Instructions for the task -> Return the lines of the material below exactly, beginning with the line that has "Inspired by the" in it and finishing with the line that has "Moussé al cioccolato" in it. Leave all pictures aside.

Data extract ->
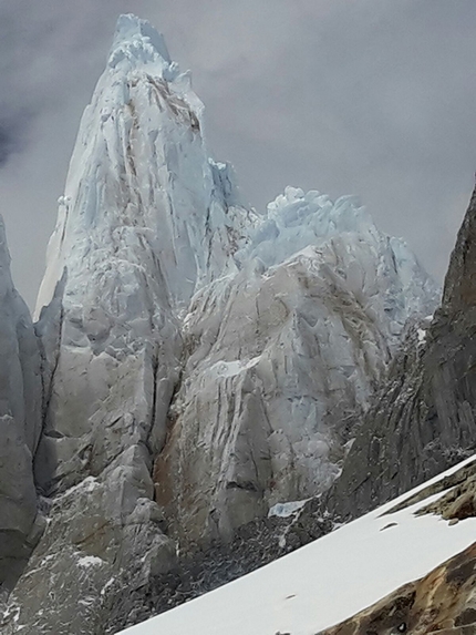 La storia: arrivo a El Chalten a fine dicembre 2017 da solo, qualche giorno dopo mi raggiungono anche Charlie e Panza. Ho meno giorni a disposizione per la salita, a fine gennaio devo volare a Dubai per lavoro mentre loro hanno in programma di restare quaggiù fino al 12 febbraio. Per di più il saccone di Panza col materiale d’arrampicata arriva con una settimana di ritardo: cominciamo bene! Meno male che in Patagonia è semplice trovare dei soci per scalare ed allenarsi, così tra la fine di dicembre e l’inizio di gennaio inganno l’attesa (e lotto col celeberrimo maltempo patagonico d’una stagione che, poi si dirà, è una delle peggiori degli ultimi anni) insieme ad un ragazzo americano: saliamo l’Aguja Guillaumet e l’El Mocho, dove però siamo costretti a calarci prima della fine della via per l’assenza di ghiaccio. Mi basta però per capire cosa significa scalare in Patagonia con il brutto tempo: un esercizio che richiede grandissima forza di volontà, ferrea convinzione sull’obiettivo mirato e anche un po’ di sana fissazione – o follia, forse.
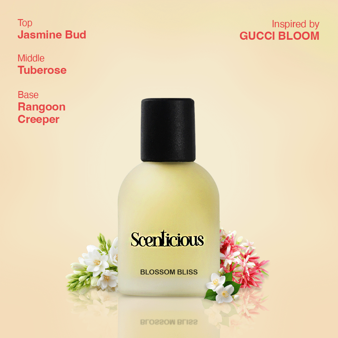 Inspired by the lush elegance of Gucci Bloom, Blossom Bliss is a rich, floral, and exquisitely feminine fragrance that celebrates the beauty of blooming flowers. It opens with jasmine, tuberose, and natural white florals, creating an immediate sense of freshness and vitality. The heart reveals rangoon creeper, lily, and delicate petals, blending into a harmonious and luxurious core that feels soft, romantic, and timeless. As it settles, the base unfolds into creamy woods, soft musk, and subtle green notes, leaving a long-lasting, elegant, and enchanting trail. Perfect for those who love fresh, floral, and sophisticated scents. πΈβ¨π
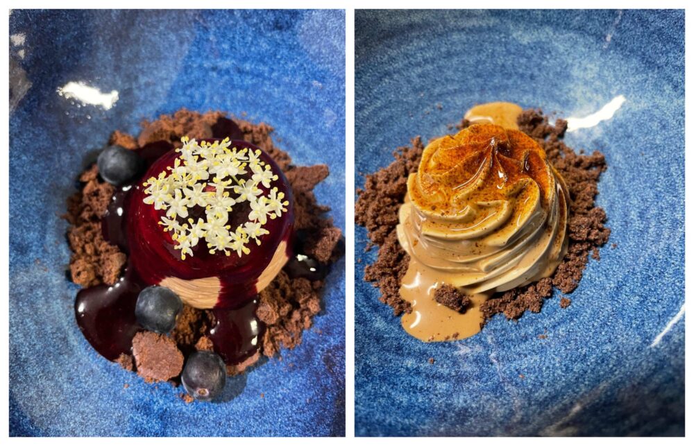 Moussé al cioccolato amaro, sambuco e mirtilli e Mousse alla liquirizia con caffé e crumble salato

--

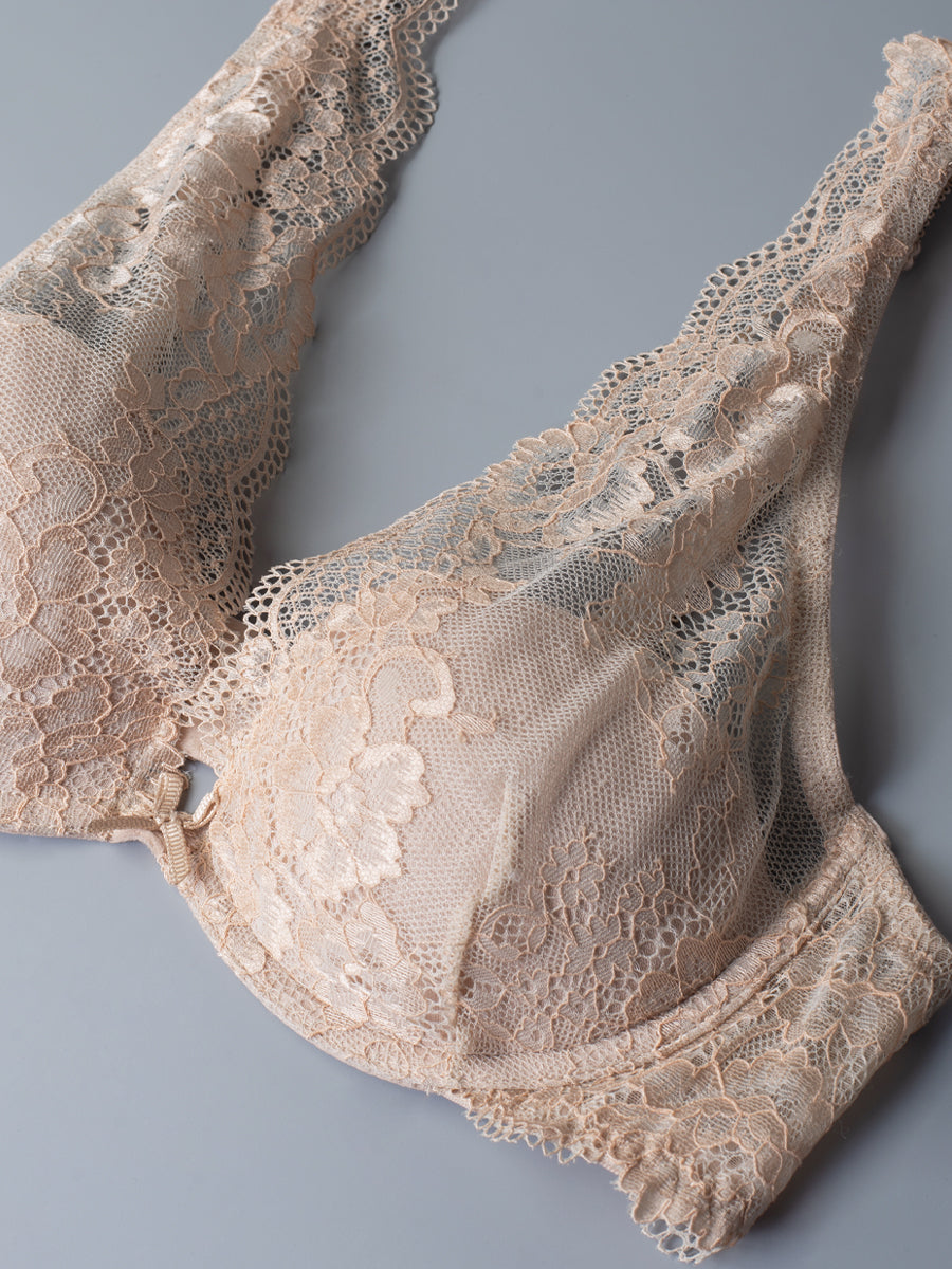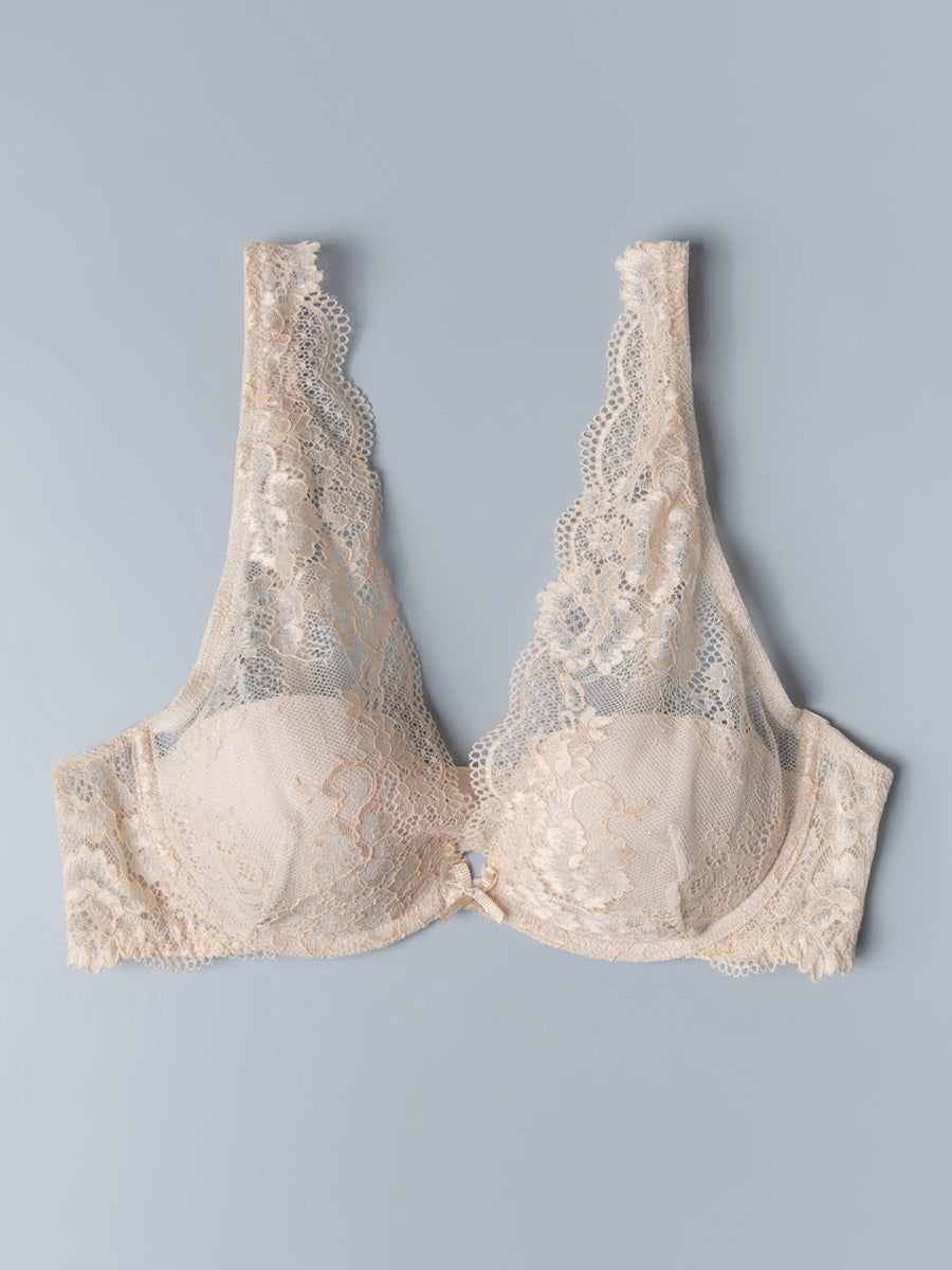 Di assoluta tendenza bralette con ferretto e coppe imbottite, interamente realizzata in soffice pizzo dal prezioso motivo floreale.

Answer space ->
 Inspired by the lush elegance of Gucci Bloom, Blossom Bliss is a rich, floral, and exquisitely feminine fragrance that celebrates the beauty of blooming flowers. It opens with jasmine, tuberose, and natural white florals, creating an immediate sense of freshness and vitality. The heart reveals rangoon creeper, lily, and delicate petals, blending into a harmonious and luxurious core that feels soft, romantic, and timeless. As it settles, the base unfolds into creamy woods, soft musk, and subtle green notes, leaving a long-lasting, elegant, and enchanting trail. Perfect for those who love fresh, floral, and sophisticated scents. πΈβ¨π
 Moussé al cioccolato amaro, sambuco e mirtilli e Mousse alla liquirizia con caffé e crumble salato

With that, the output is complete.